Martin König und Bernd Rath bestätigen das in einem Gespräch mit unserer Zeitung. Weil sich vor dem Verwaltungsgebäude „ein Brennpunkt“ entwickelt habe, sei die Kamera wegen „massiver Vandalismusschäden“ kurzzeitig zum Jahreswechsel 2009/2010 installiert worden, erklärt Bernd Rath. Beispielsweise seien von den Tätern der Briefkasten aufgehebelt und die darin befindliche Post verbrannt worden.

Kameralinse inzwischen abmontiert

Die Aufnahmen hätten schließlich zum Erfolg geführt. Es sei seinerzeit gelungen, einen Hauptverdächtigen, „der direkt in den Schaukasten geschaut hat“, zu identifizieren. Der habe unter dem Druck der detaillierten Bilder gestanden und später unter anderem ein Hausverbot erhalten. Danach sei die Kamera sofort deinstalliert worden, denn „das Thema war erledigt, der Zweck war erfüllt“, sagt Rath. Die Aufnahmen seien alle gelöscht worden, es sei ohnehin immer nur ein bestimmter Zeitraum aufgezeichnet und danach wieder mit neuen Aufnahmen überspielt worden.

Doch, so gibt Bernd Rath zu, sei die Linse beim Abbau schlichtweg im Schaukasten übersehen worden. Die zurückgelassene Kameraoptik habe noch nicht einmal den Zweck der Abschreckung erfüllen sollen, beteuert der Hauptamtsleiter. Sie sei dank des Anrufs von Ulrich Knödler jetzt abmontiert worden, „um nicht mal einen Anscheinsverdacht zu erwecken“. Der Bürgermeister Martin König verteidigt die Nutzung der Kamera, um den Tätern auf die Spur zu kommen. Er gehe davon aus, dass der Einsatz dieses Mittels den Datenschutz nicht verletzt habe.
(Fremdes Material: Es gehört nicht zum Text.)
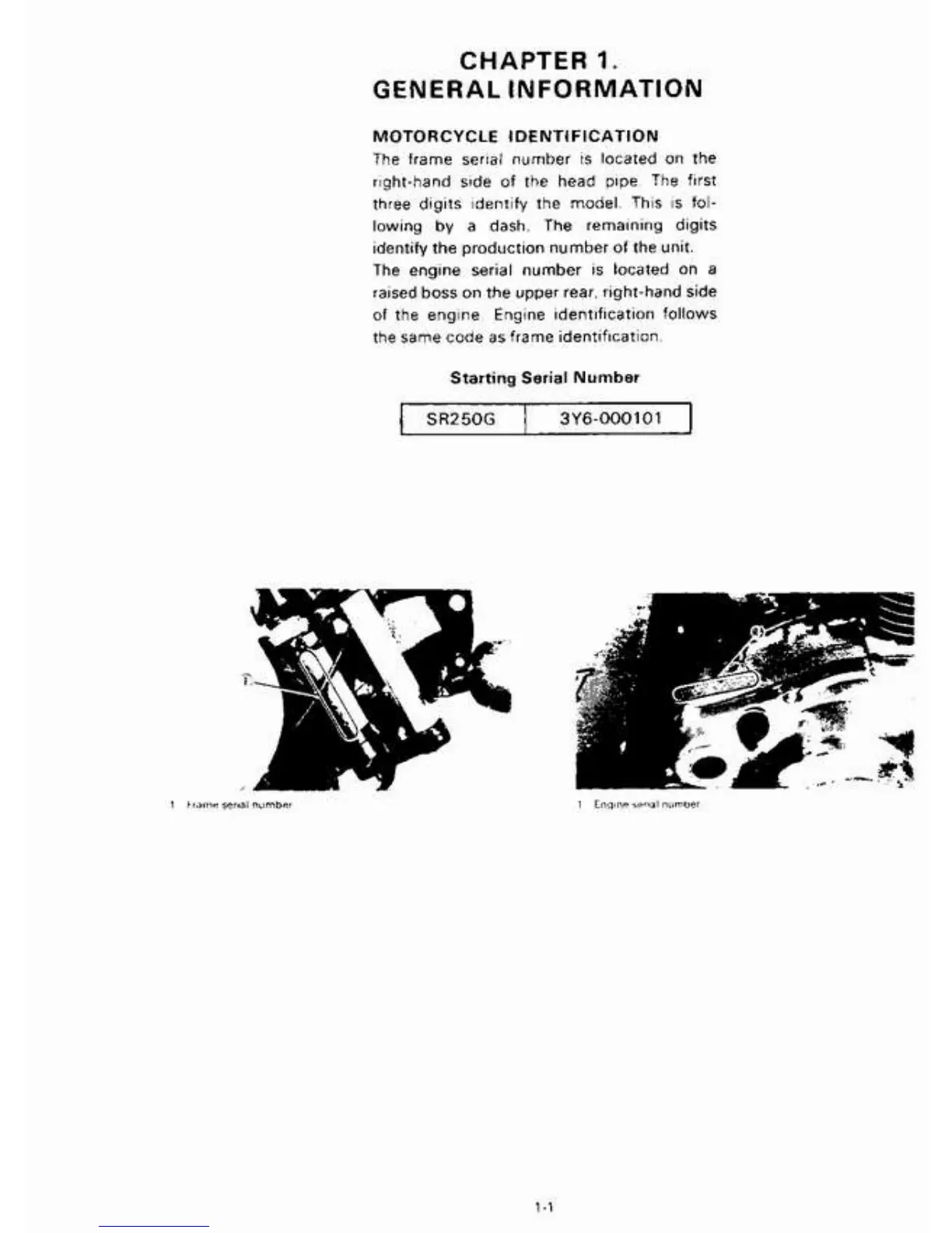 Yamaha SR250 - Yamaha SR250 Repair Manual - General Information; Motorcycle Identification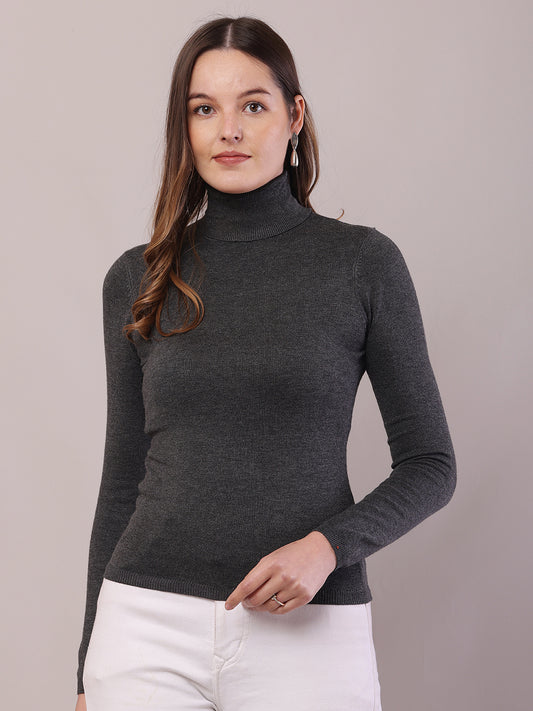 Viscose Full Sleeve with High-Neck Dark Grey Sweater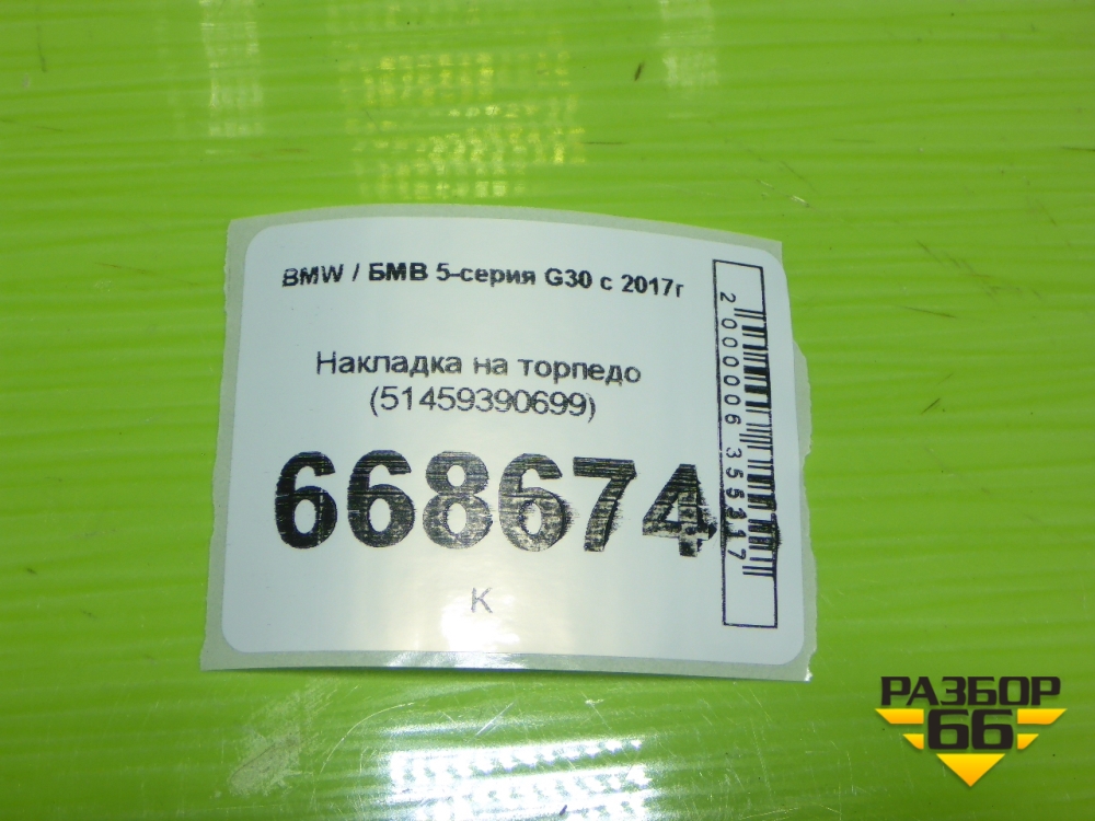 Накладка на торпедо (51459390699) для BMW 5-серия G30 с 2017г в Уфе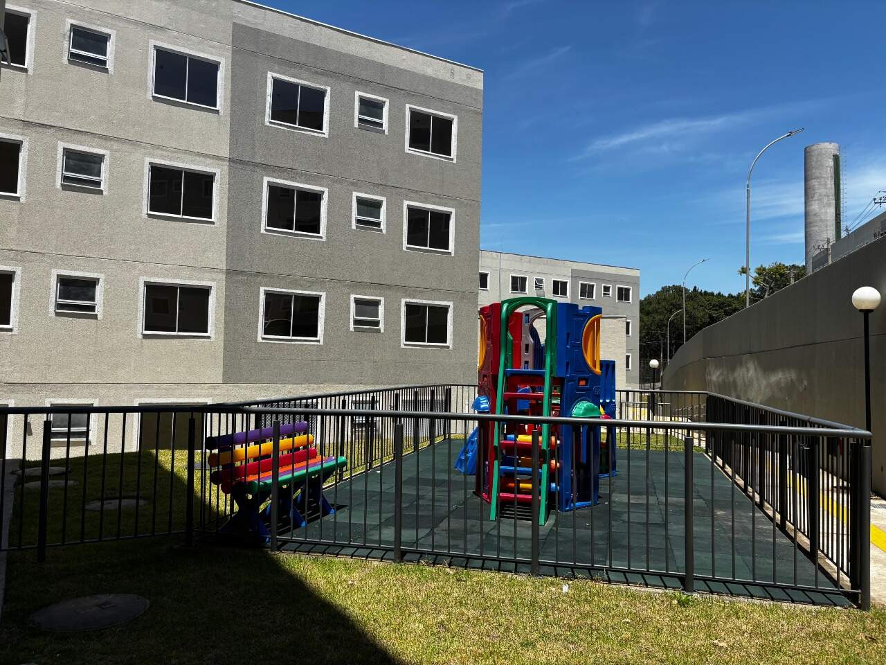 Condomínio equipado com piscina adulto e infantil, quiosque com churrasqueira, salão de festas, playground.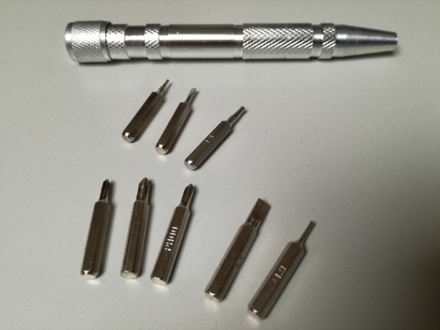 Het is een schroevendraaiersetje en het bevat 8 bitjes . In mijn setje zitten 3 stuks kruiskop PH000, PH00 en PH0; 3 stuks torque 0,9, 1,0 en 1,5 mm. en 2 stuks beitelmodel 1,5 mm. En 3,5 mm. Mis ik een beiteltje ?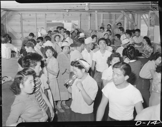 Keywords: Tule Lake Relocation Center, Newell, California. A view showing part of the crowd at general store . . . - NARA - 538213.jpg Scope and content The full caption for this photograph reads Tule Lake Relocation Center Newell California A view showing part of the crowd at general store Number 1 at this War Relocation Authority center where evacuees of Japanese descent are spending the duration General notes 538213 Local identifier 210-G-D14 Department of the Interior War Relocation Authority 02/16/1944 - 06/30/1946 NARA-Author Stewart Francis War Relocation Authority photographer Photographer 8464475 <br /> Still Picture Records Section Special Media Archives Services Division NWCS-S National Archives at College Park 8601 Adelphi Road College Park MD 20740-6001 1942-07-01 Record group Record Group 210 Records of the War Relocation Authority 1941 - 1989 Record group ARC 537 Central Photographic File of the War Relocation Authority compiled 1942 - 1945 Series ARC 536000 File unit File unit ARC Variant control numbers NAIL Control Number NWDNS-210-G-D14 Other versions <gallery> File Tule_Lake_Relocation_Center _Newell _California _A_view_showing_part_of_the_crowd_at_general_store_ _ _ _-_NARA_-_538213 tif tif File Tule_Lake_Relocation_Center _Newell _California _A_view_showing_part_of_the_crowd_at_general_store_ _ _ _-_NARA_-_538213 jpg jpg </gallery> NARA-cooperation PD-USGov People in Tule Lake War Segregation Center Shop Building interiors in California Shops Buildings in Tule Lake War Segregation Center ¢Shop Black and white photographs of people California 1942 in California Group July 1942 in the United States |

Bedenken wegen Datenschutzes

Jörg Klingbeil, der baden-württembergische Landesbeauftragte für Datenschutz, sieht das etwas differenzierter. Zwar sei es unter „gewissen Voraussetzungen“ zulässig, öffentliche Gebäude zu überwachen. Ob die Bedingungen in Baltmannsweiler erfüllt waren, könne er nicht beurteilen. Doch die Kommune habe es – wie von Bernd Rath bestätigt – versäumt, auf den Kameraeinsatz hinzuweisen. Ein Schild mit dem Aufdruck „Dieser Bereich ist videoüberwacht“ müsse die Maßnahme kenntlich machen, betonte Klingbeil. Denn grundsätzlich habe „jeder Mensch das Recht, sich in der Öffentlichkeit zu bewegen, ohne dass sein Verhalten permanent mit Hilfe von Kameras beobachtet oder aufgezeichnet wird“, heißt es in den Richtlinien zur Videoüberwachung durch öffentliche Stellen. Es müsse demnach gewährleistet sein, „sich einer Überwachung entziehen zu können“, erklärt Jörg Klingbeil. Doch das sei eben nur möglich, wenn man etwas davon wisse.